» Record set:
══════════════════════════════

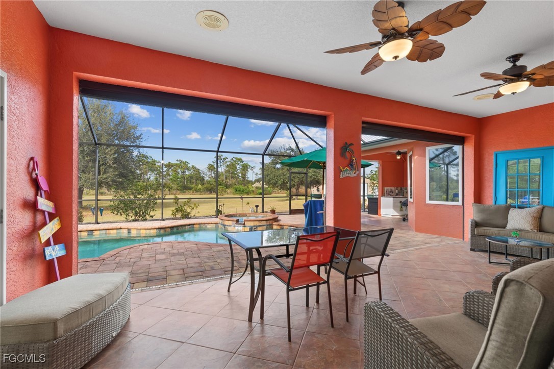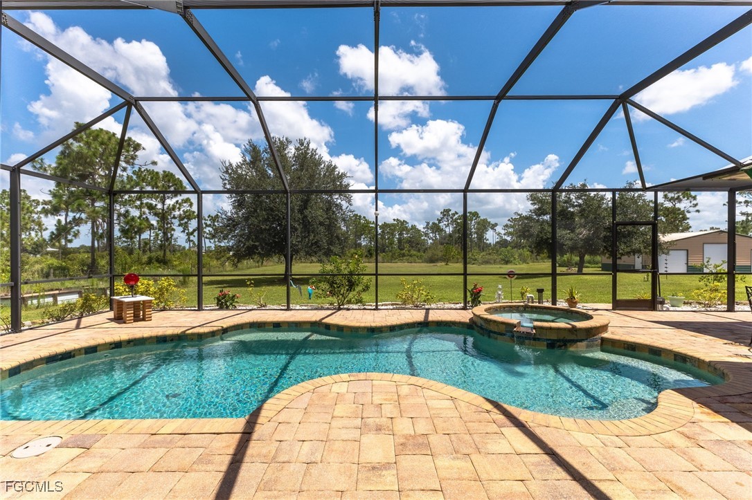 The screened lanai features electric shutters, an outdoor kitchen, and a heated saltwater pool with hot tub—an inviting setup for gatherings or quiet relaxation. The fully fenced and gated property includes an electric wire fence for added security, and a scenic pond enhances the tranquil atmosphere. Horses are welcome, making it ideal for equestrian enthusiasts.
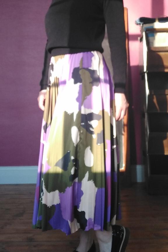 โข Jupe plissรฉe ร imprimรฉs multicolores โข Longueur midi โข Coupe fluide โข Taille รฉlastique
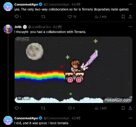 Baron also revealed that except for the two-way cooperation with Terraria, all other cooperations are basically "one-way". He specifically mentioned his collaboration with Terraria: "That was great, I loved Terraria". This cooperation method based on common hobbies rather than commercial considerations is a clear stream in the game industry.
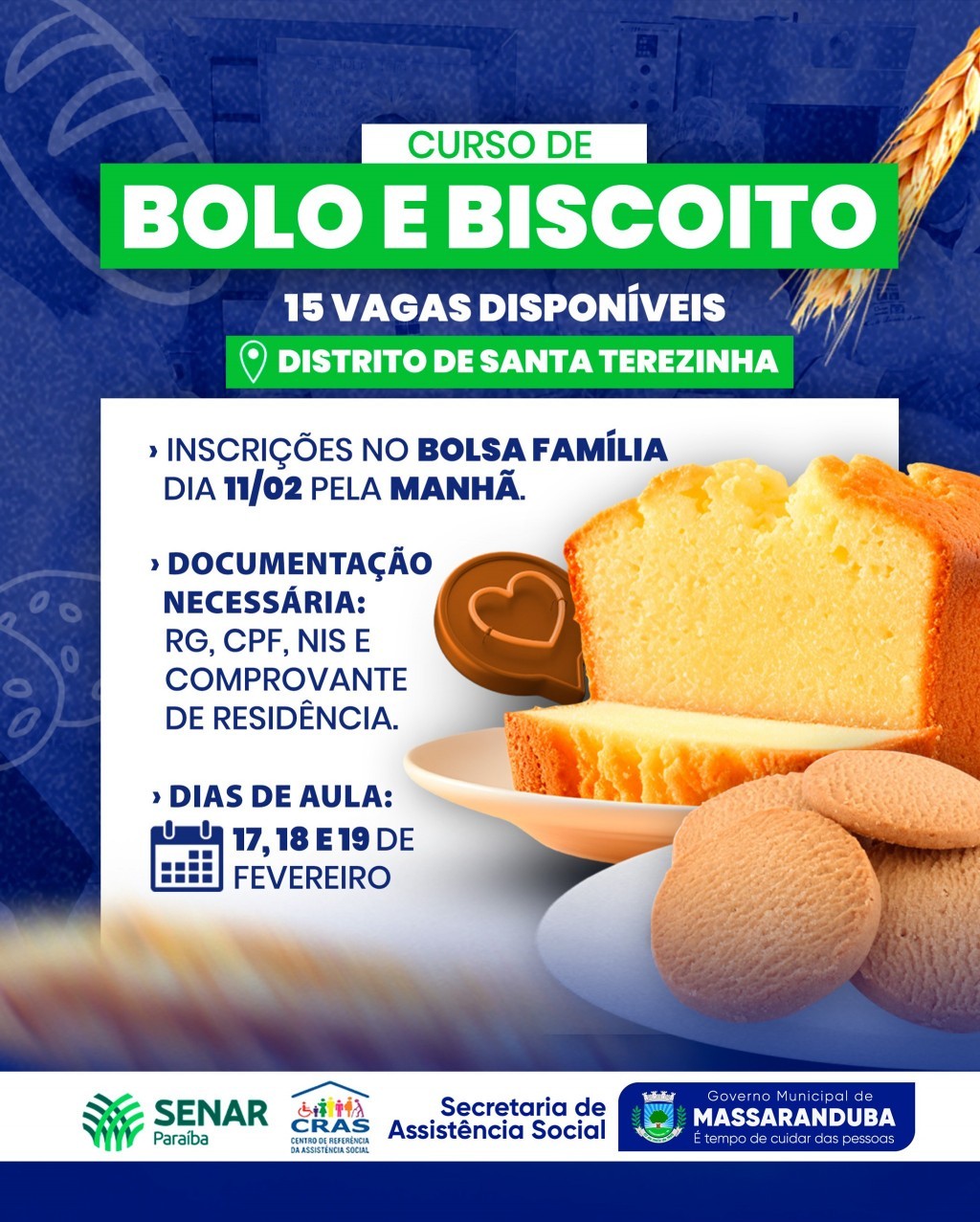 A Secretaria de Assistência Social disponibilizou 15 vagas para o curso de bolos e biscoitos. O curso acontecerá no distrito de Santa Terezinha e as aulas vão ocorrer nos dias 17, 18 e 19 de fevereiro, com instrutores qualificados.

══════════════════════════════

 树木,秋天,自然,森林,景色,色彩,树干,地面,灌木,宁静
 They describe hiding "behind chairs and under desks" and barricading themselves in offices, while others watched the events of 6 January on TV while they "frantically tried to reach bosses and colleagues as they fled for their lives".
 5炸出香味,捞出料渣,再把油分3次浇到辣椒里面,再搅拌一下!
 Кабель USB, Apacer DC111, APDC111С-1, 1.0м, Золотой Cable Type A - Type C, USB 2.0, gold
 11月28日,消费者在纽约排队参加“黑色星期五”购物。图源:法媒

══════════════════════════════

» Your instructions:
Given the listing above, retype only the span of lines from the line with "โข Jupe plissรฉe" up to and including the line with "A Secretaria de", exactly as it stands and without pictures.

» Written reply:
 โข Jupe plissรฉe ร imprimรฉs multicolores โข Longueur midi โข Coupe fluide โข Taille รฉlastique
 Baron also revealed that except for the two-way cooperation with Terraria, all other cooperations are basically "one-way". He specifically mentioned his collaboration with Terraria: "That was great, I loved Terraria". This cooperation method based on common hobbies rather than commercial considerations is a clear stream in the game industry.
 A Secretaria de Assistência Social disponibilizou 15 vagas para o curso de bolos e biscoitos. O curso acontecerá no distrito de Santa Terezinha e as aulas vão ocorrer nos dias 17, 18 e 19 de fevereiro, com instrutores qualificados.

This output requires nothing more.